Además, tomemos en cuenta que nuestra comprensión del mundo se estructura a través del lenguaje. De acuerdo a nuestro acervo idiomático será nuestra capacidad para percibir y relacionarnos con la realidad. Al respecto dijo Ludwig Wittgenstein : “Los límites de mi lenguaje son los límites de mi mente”. Es decir, nuestra mente alcanza hasta donde nuestra lengua nos permite describir, delimitar, reconocer, nombrar.

Una persona que emplea esta herramienta poderosa para arruinar, para provocar el caos, para herir, necesariamente se está poniendo en una situación terrible. Causa el mal a otros, corrompe el entorno (natural o social), pero básicamente demuestra que está alterada en su interior. Carece de paz interna, está sofocada por el EGO. Esto es enfermedad a nivel moral, emocional, mental, social que contamina también al cuerpo.
Lo de fuera termina por mostrar lo de dentro.
Al decir de Miguel de Unamuno: “La lengua no es la envoltura del pensamiento sino el pensamiento mismo”. El pensamiento negativo, la palabra vil, la conducta perversa viste al cuerpo –la persona- de metzorá.

Somos amos de nuestro silencio y esclavos de nuestra palabra, ¡gran verdad!

 

 

Agujereando el alma

Había un niño que tenía muy, pero que muy mal carácter.
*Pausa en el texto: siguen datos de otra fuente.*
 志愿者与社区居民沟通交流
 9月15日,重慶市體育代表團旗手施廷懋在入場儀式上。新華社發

Un día, su padre le dio una bolsa con clavos y le dijo que cada vez que perdiera la calma, que él clavase un clavo en la cerca de detrás de la casa.

El primer día, el niño clavó 37 clavos en la cerca. Al día siguiente, menos, y así en los días posteriores. Él niño se iba dando cuenta de que era más fácil controlar su genio y su mal carácter, que clavar los clavos en la cerca.
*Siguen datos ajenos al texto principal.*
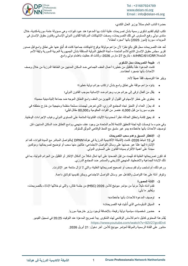 وكشفت وثائق رسمية عن قيام الشبكة الأكاديمية الدرزية في هولندا (DPNN) بتقديم ادعاء قانوني لدى النائب العام ووزير العدل الكندي ضد قبوات، التي تحمل الجنسية الكندية إلى جانب السورية، على خلفية تصريحات أدلت بها في “منتدى ميونيخ للأمن 2026”. وصفت قبوات في تلك التصريحات الانتهاكات المروعة التي تعرض لها المدنيون في مدينة السويداء خلال تموز 2025 بأنها “مجرد أخطاء”، في محاولة لشرعنة العنف الممنهج الذي مارسته القوات التابعة لسلطة الجولاني.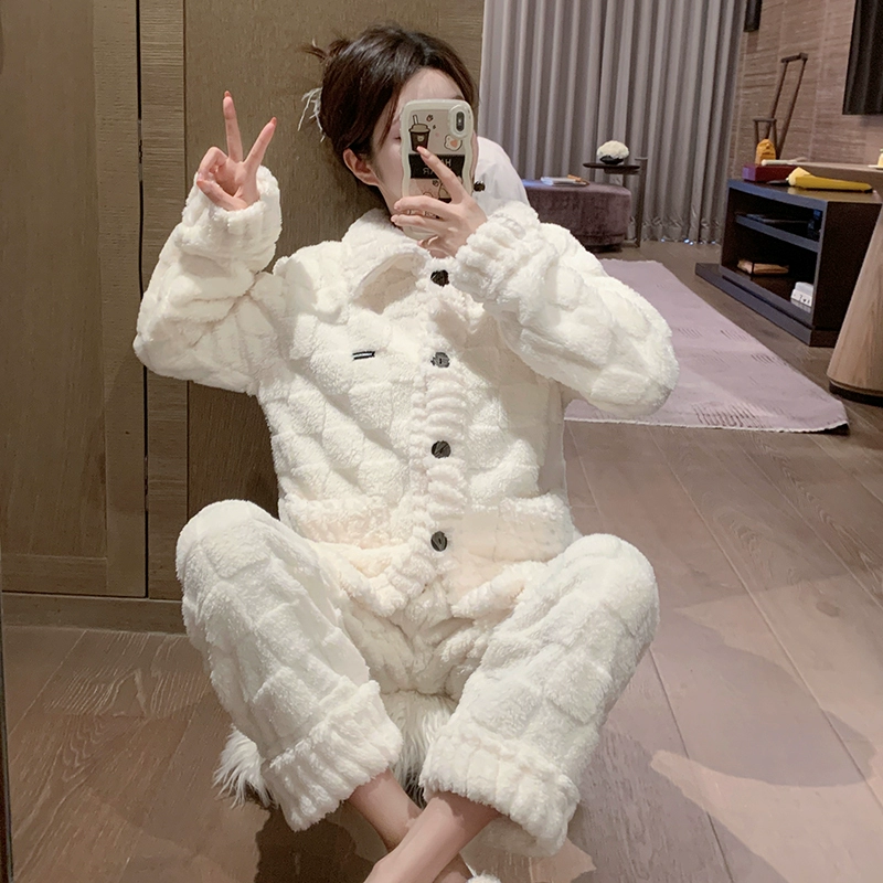 Autumn and winter female coral velvet couples keep warm and thick pajamas

Finalmente llegó el día en que el niño no perdió la calma ni una sola vez y se lo dijo a su padre que no tenía que clavar ni un clavo en la cerca. Él había conseguido, por fin, controlar su mal temperamento.
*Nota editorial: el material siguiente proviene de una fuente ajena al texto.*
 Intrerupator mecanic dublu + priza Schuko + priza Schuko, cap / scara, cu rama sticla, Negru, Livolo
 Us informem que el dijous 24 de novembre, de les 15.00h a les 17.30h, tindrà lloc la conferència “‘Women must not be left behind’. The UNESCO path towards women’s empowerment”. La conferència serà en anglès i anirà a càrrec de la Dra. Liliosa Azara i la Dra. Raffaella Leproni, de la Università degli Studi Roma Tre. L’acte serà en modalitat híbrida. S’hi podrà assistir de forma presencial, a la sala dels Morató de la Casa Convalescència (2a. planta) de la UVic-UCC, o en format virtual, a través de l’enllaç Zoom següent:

Su padre, muy contento y satisfecho, sugirió entonces a su hijo que por cada día que controlase su carácter, sacase un clavo de la cerca.

Los días pasaron y el niño pudo finalmente decir a su padre que ya había sacado todos los clavos de la cerca. Entonces el padre llevó a su hijo, de la mano, hasta la cerca de detrás de la casa y le dijo:

– Mira, hijo, has trabajo duro para clavar y quitar los clavos de esta cerca, pero fíjate en todos los agujeros que quedaron en la cerca. Jamás será la misma.

Lo que quiero decir es que cuando dices o haces cosas con mal genio, enfado y deficiente carácter, dejas una cicatriz, como estos agujeros en la cerca. Ya no importa tanto que pidas perdón. La herida estará siempre allí. Y una herida física es igual que una herida verbal.

Los amigos, así como los padres y toda la familia, son verdaderas joyas a quienes hay que valorar. Ellos te sonríen y te animan a mejorar. Te escuchan, comparten una palabra de aliento y siempre tienen su corazón abierto para recibirte.

Las palabras de su padre, así como la experiencia vivida con los clavos, hicieron que el niño reflexionase sobre las consecuencias de su carácter.

Basado en relato de León Tolstoi

 

Reflexionamos juntos

1. ¿Cuál es la moraleja del cuento?

2. ¿Cómo lo relacionas con el comentario que hicimos de la parashá?

3. ¿Te pasó alguna vez que quisiste borrar algo que recién dijiste?

4. ¿Cuál te parece era la reacción de la gente al ver a un enfermo de metzorá?

5. ¿Por qué metzorá atacaba la piel y no algún órgano interno, que no fuera visible?

6. ¿Cómo podemos hacer para usar la palabra para construir shalom?